G.R. No. L-32636             EN BANC


March 17, 1930

In the matter Estate of Edward Randolph Hix, deceased.

A.W. FLUEMER, petitioner-appellant, vs.


ANNIE COUSHING HIX, oppositor-appellee.

Facts:
The special administrator of the estate of Edward Randolph Hix appeals from a decision of Judge of First Instance
Tuason denying the probate of the document alleged to by the last will and testament of the deceased.
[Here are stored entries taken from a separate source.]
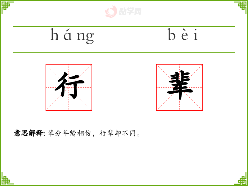 行辈的意思是:辈分年龄相仿,行辈却不同。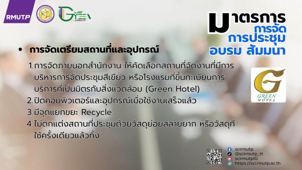 • หากมีการจัดประชุม อบรม หรือสัมมนา ภายนอกสำนักงาน ให้คัดเลือกสถานที่จัดงานที่มีการบริหารการจัดประชุมสีเขียว (Green Meeting) หรือโรงแรมที่ขึ้นทะเบียนการบริการที่เป็นมิตรกับสิ่งแวดล้อม (Green Hotel)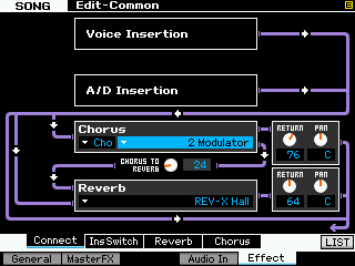 On gardera par contre toujours les effets d'insertions pour des voices qui utilisent des effets de type distorsion, wah, tec, lo-fi, flanger, phaser ....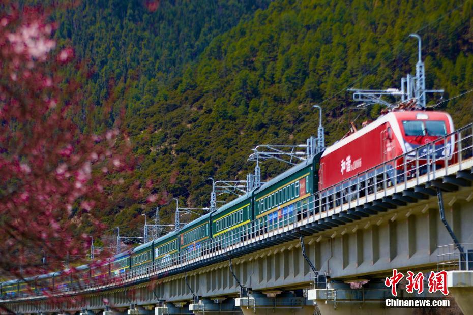 圖為拉林鐵路沿線桃花盛開,列車飛馳而過。四朗卓嘎 攝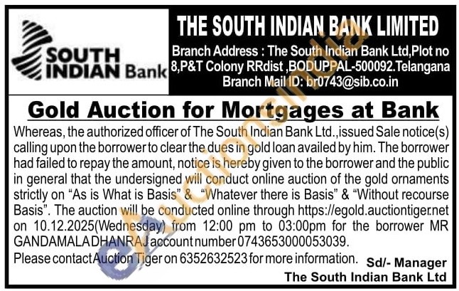 South Indian Bank Gold Auctions Auction in Ranga Reddy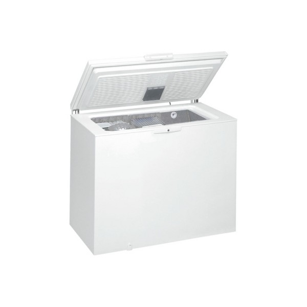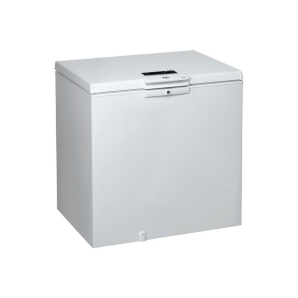 Whirlpool Congelatore a pozzetto - WHE2535 FO 2. Capacità netta congelatore: 255 L, Classe climatica: SN-T, Capacità di congelamento: 11,5 kg/24h, Autonomia senza energia elettrica: 32 h, Emissione acustica: 40 dB, Punteggio: 4*. Classe efficienza energetica: E, Consumo energetico annuo: 218 kWh. Colore del prodotto: Bianco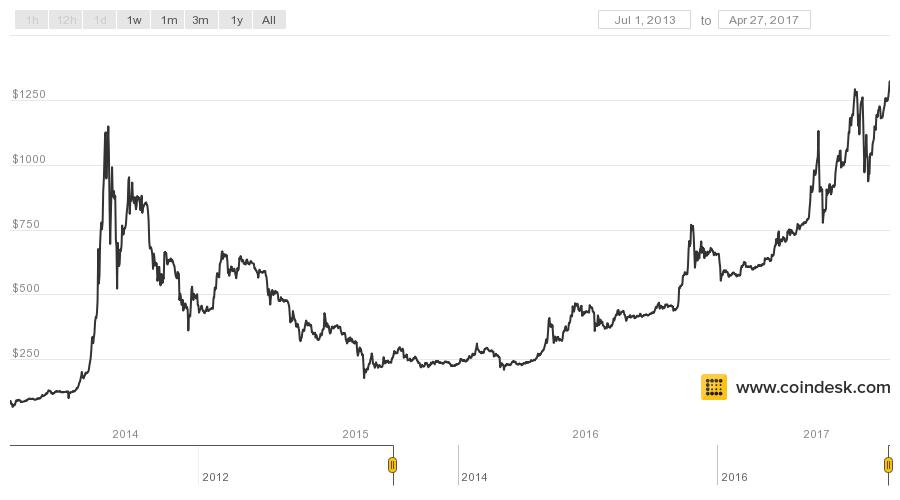 The price move caps a bullish month for the digital currency, which on 1st April averaged just under $1,100, an increase of roughly 20% in just a span of weeks.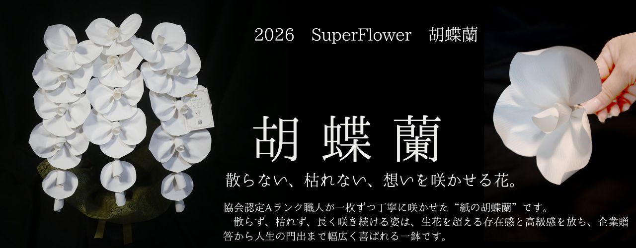開店・開業祝い、周年記念、昇進・就任祝いなど、格式ある場面でふさわしい華やぎを添えます。 「生花の胡蝶蘭が散った後もSuperFlowerだけが咲き続けていた」と、多くの贈り先に喜ばれる価値ある一鉢です。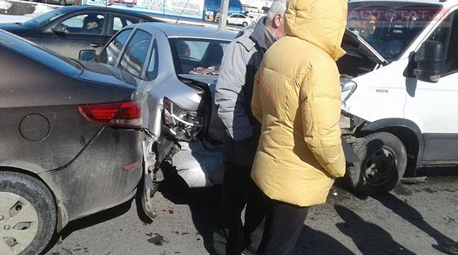 По предварительной информации, на улице Столичная столкнулись сразу пять автомобилей - LADA Granta, Kia Rio, LADA Priora, KIA Picanto и микроавтобус “ИВЕКО”.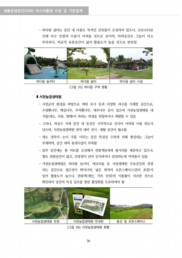 생물공생공간 야외 마스터플랜 수립 및 기본설계 36 하다람 쉼터는 공간 내 다용도 목적인 건축물이 조성되어 있으나, 코로나19로 인해 다수 인원의 수용이 어려울 것으로 보이며, 야외공간은 그늘이 다소 부족하나, 비교적 유휴공간이 넓어 활용도가 높을 것으로 판단됨 하다람 놀이터 하다람 쉼터 하다람 쉼터 시설 [그림 35] 하다람 구역 현황 ?서천농업생태원 서천군의 환경을 바탕으로 벼와 모시 등과 다양한 과수를 식재한 공간으로, 수양뽕나무, 매실나무, 꾸찌뽕나무, 대추나무 등이 있으며 서천농업생태원 내 식물 채소, 곡류, 열매 이 자라는 과정을 관찰하거나 체험할 수 있음 그러나, 과실수 식재 공간 내 동선은 시각적으로 인식이 어려워 이용 빈도가 낮으며, 서천농업생태원 면적 대비 전시ㆍ체험 공간이 협소함 채소 경...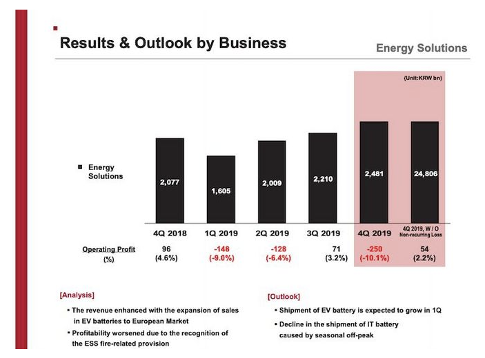 ▲LG化學(xué)2019年電池業(yè)務(wù)營收利潤情況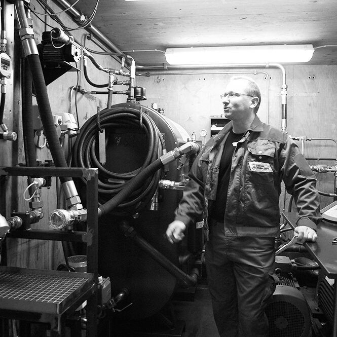Vores specialudviklede flushing-system er således integreret i en 10 fod container og lader sig transportere hvorhen det måtte være ønsket.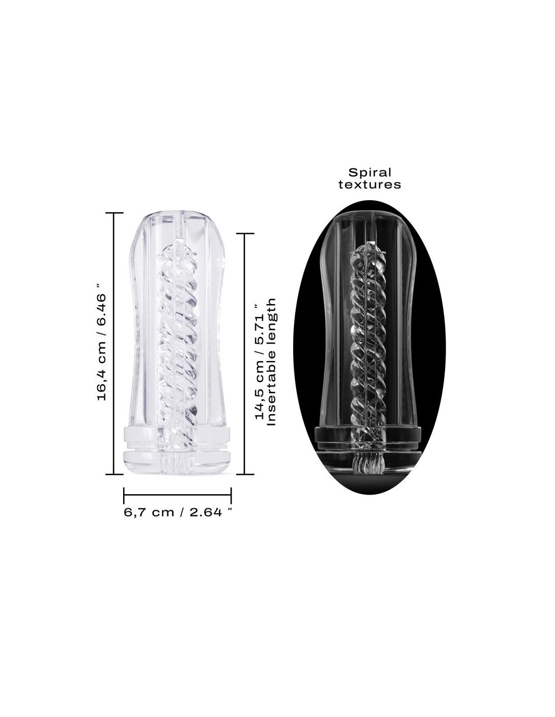 Sperimenta la masturbazione in piena trasparenza! - DEEP BLOW TORNADO: vivi una storia d'amore vorticosa con questa manica completamente a spirale! Manicotto interno per il masturbatore DEEP BLOW, ultraelastico e morbido, per adattarsi alla tua taglia e offrirti un comfort perfetto. Rimovibile e intercambiabile. Può essere usata con o senza la custodia DEEP BLOW per moltiplicare le tue esperienze di masturbazione. E' trasparente, permettendoti di non perdere nessun piacere visivo! VANTAGGI: Riutilizzabile e intercambiabile Materiale ultra morbido ed elastico Superficie strutturata interna Trasparente Comprimibile INFORMAZIONI TECNICHE: Tornado: 14,5 cm / 5,71 pollici Impermeabile IPX7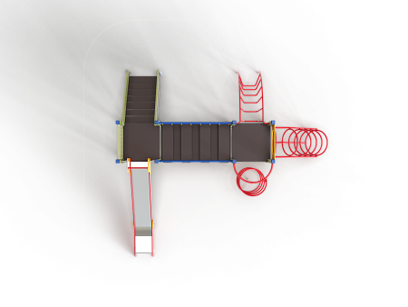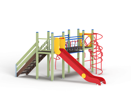 Детский игровой комплекс состоит из двух башен. На первой башне установлена лестница, горка и ограждение из бруса с перекладинами. Первая башня соединяется со второй башней подвесным мостом. На второй башне установлено ограждение с круглым вырезом, спираль наклонная, лиана и шест-спираль.

Annie
Coushing Hix is not authorized to carry on this appeal. The Court think, however, that A.W. Fluemer, who appears to
have been the moving party in these proceedings, was a "person interested in the allowance or disallowance of a will
by a Court of First Instance," and so should be permitted to appeal to the Supreme Court from the disallowance of the
will.

It is theory of the petitioner that the alleged will was executed in Elkins, West Virginia, on November 3, 1925, by Hix
who had his residence in that jurisdiction, and that the laws of West Virginia Annotated, by Hogg, Charles E., vol. 2,
1914, p. 1690, and as certified to by the Director of the National Library should govern. The Court of First Instance
denied the probate of the will.

Issue:

Whether or not the laws of West Virginia should govern.

Rulings:

No. The laws of West Virginia should not govern. The laws of a foreign jurisdiction do not prove themselves in our
courts. The courts of the Philippine Islands are not authorized to take American Union. Such laws must be proved as
facts. The laws of a foreign jurisdiction do not prove themselves in our courts. The courts of the Philippine Islands are
not authorized to take American Union. Such laws must be proved as facts.

The only evidence on this point is to be found in the testimony of the petitioner. Aside from this, there was nothing to
indicate that the will was acknowledged by the testator in the presence of two competent witnesses, of that these
witnesses subscribed the will in the presence of the testator and of each other as the law of West Virginia seems to
require. On the supposition that the witnesses to the will reside without the Philippine Islands, it would then the duty
of the petitioner to prove execution by some other means (Code of Civil Procedure, Sec. 633.)